WellDB is an emulated database server. You can run SQL against it and it will respond with data generated on the spot using DataFlood models. It can show up as one or more different kinds of databases on your network, and we’re ensuring that it can “speak” like all of the databases that it emulates. Your connection code and everything else you use right now (including Entity Framework and LINQ and other ORMs) to communicate with your database will work with WellDB.

So, imagine a scenario where you need to orchestrate moving data between three or four different systems (this never happens in real life…). One might be a Postgres server, one may speak MSSQL, one may be MySql or a document store like MongoDB. All of them can “live” within a single instance of WellDB, but you could also have multiple instances running to represent each database. They can share tables, or you can create tables only, for instance, for the MySQL server. Using Tides configuration files you can specify foreign key relationships, generate sequencing data (such as step counters and specific state flows), and generally control all aspects of how your data is laid out inside each kind of database. Then you can run your SQL queries. Here is what happens with each basic type of query:

1.) Select queries will generate data to satisfy the select statements. Depending on the Where clause, different things can happen — for instance “Where [a] = [b]” can be used to ensure that element [a] is assigned the value of [b] in the result set. This can be useful for fixing an id field to a specific value. Other kinds of Where clauses will operate against the statistical model for an element.

2.) Insert queries will either create a new DataFlood model (or models for multi-table inserts) on the server for that kind of database, if a table doesn’t exist.

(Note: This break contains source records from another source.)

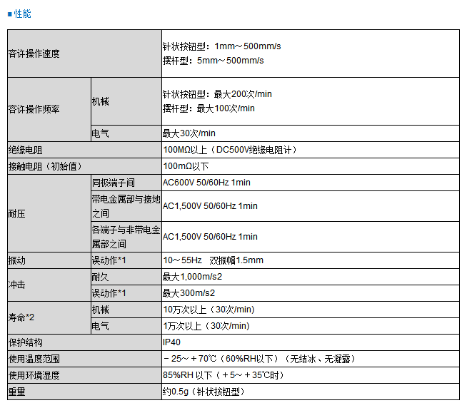 ? ??*1 在針狀按鈕型中為自由位置和動(dòng)作極限位置的值,在擺桿型中為動(dòng)作極限位置的值。接點(diǎn)的閉路或開(kāi)路動(dòng)作小于1ms。 ? ??*2 關(guān)于試驗(yàn)條件請(qǐng)另行查詢。
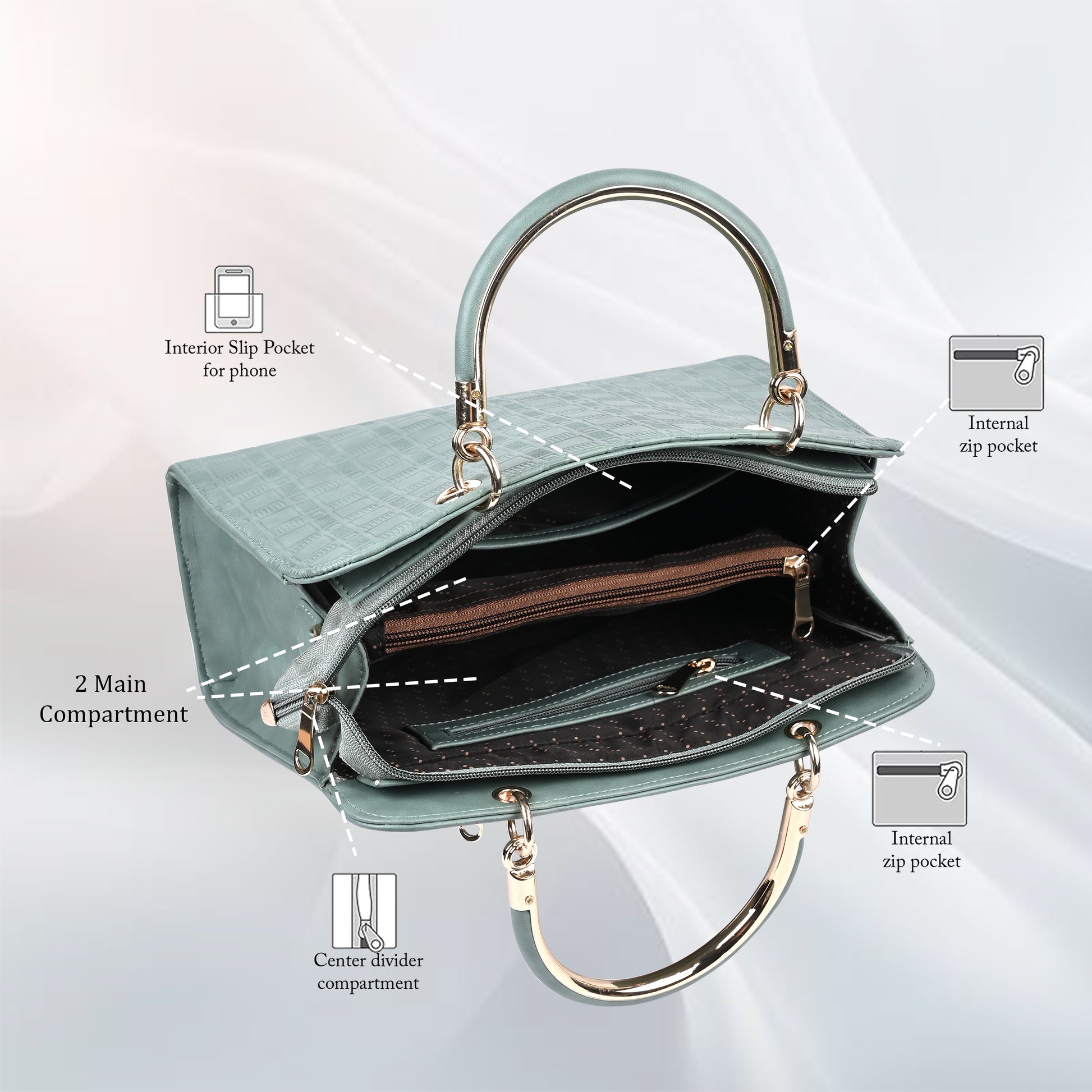 This light green handbag, with its serene and fresh colour, is a unique take on a classic accessory. Crafted from sustainable faux leather, it's a stylish and ethical choice. The bag features a minimalist design that is both elegant and highly functional, with a structured interior and a secure closure to keep your essentials organised. Its lightweight feel and durable construction make it perfect for daily use, adding a gentle pop of colour to any outfit while keeping you organised on the go.
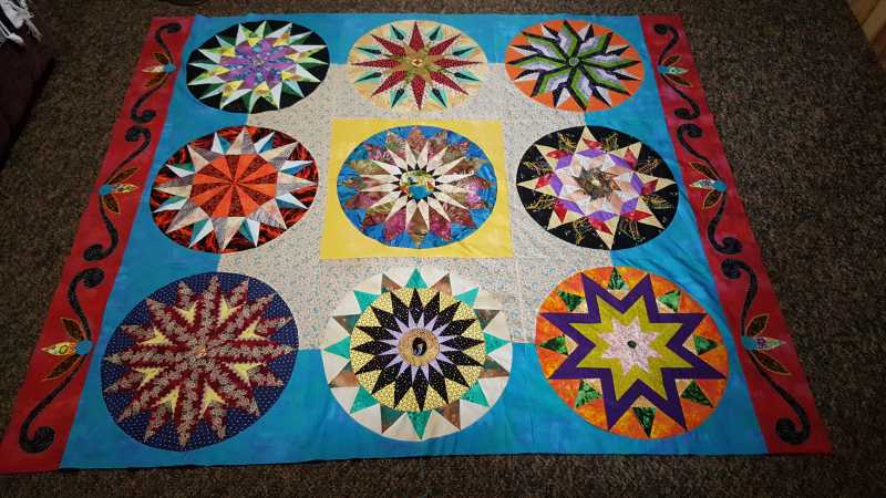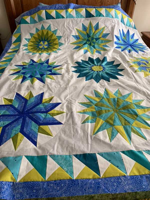 Pam, that pieced border looks great! I would add the extra blue border too.
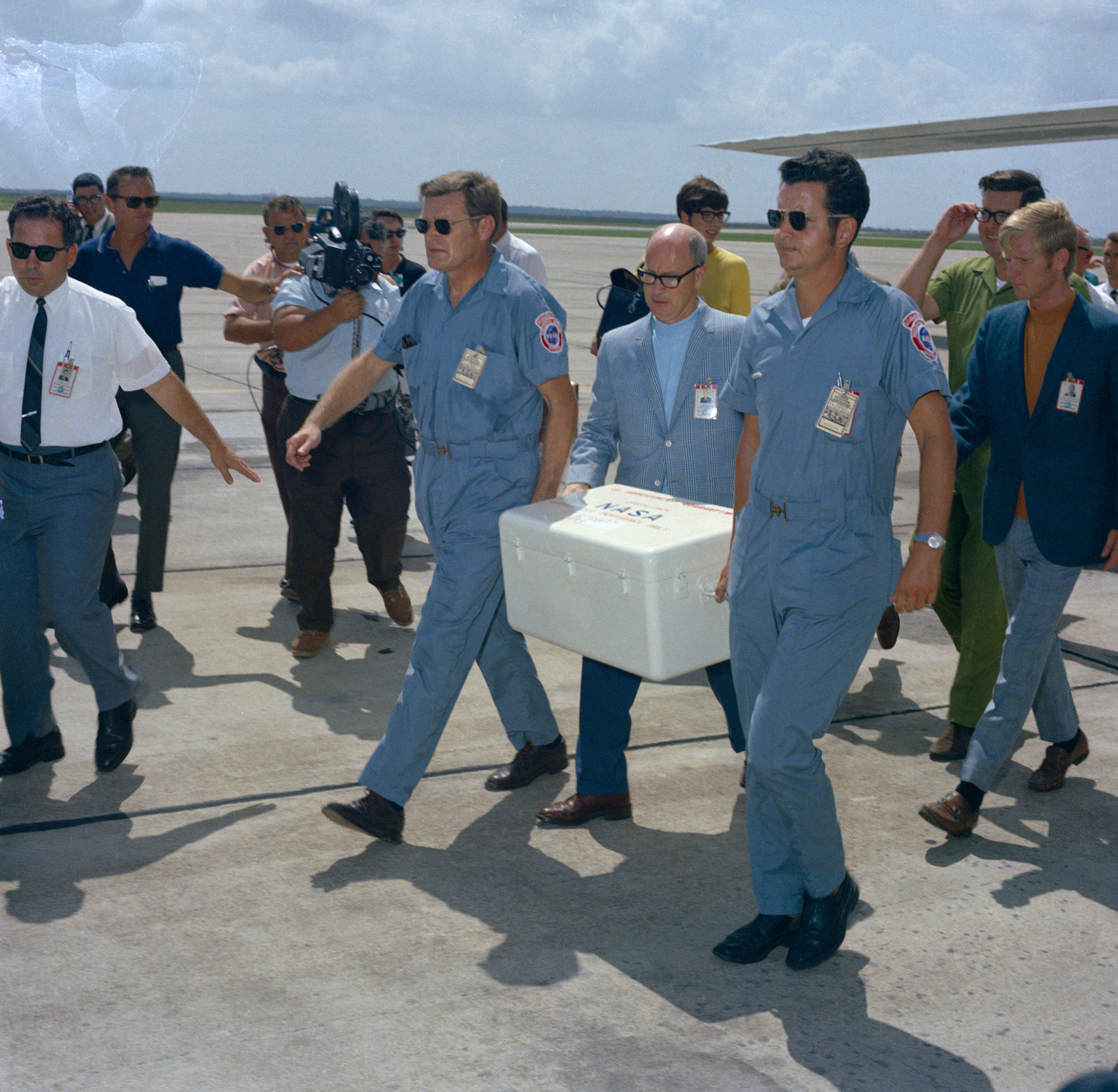 Arrival of Apollo 11 Lunar Samples at EAFB by C-141 Starlifter and at the Bldg. 37 Lunar Receiving Laboratory (LRL). 1. Aircraft - C-141 (Starlifter) EAFB, HOUSTON, TX

Otherwise an insert will “train” a model or multiple models, depending on your SQL statement.

3.) Update queries will modify the statistics of a model. For databases that support “update if exists otherwise insert”, an insert will “train” and an update will modify if a value already exists within the range of a particular field/element.

4.) Delete queries will remove values from a model, which may decrease “seen” counts or remove a value entirely, depending on the state of the model.

In this manner you can “exercise” your code against fake databases that act like real databases for testing, without having to set up a real database in a test environment. Because DataFlood models are small, for CI/CD purposes your databases can live entirely in code (without Terraform or other infrastructure-as-code elements) and be deployed as code to a WellDB server on-the-fly. When it’s time to test the IaC elements, you can use DataFlood models as part of the CI/CD flow within those environments to “hydrate” the databases with data after deployment.

Tune in next week

So, that is a brief introduction to WellDB. Over the next few posts I will walk through exercises for using all of the DataFlood elements in various ways, with worked examples and screenshots and video walk-throughs. Thanks for reading!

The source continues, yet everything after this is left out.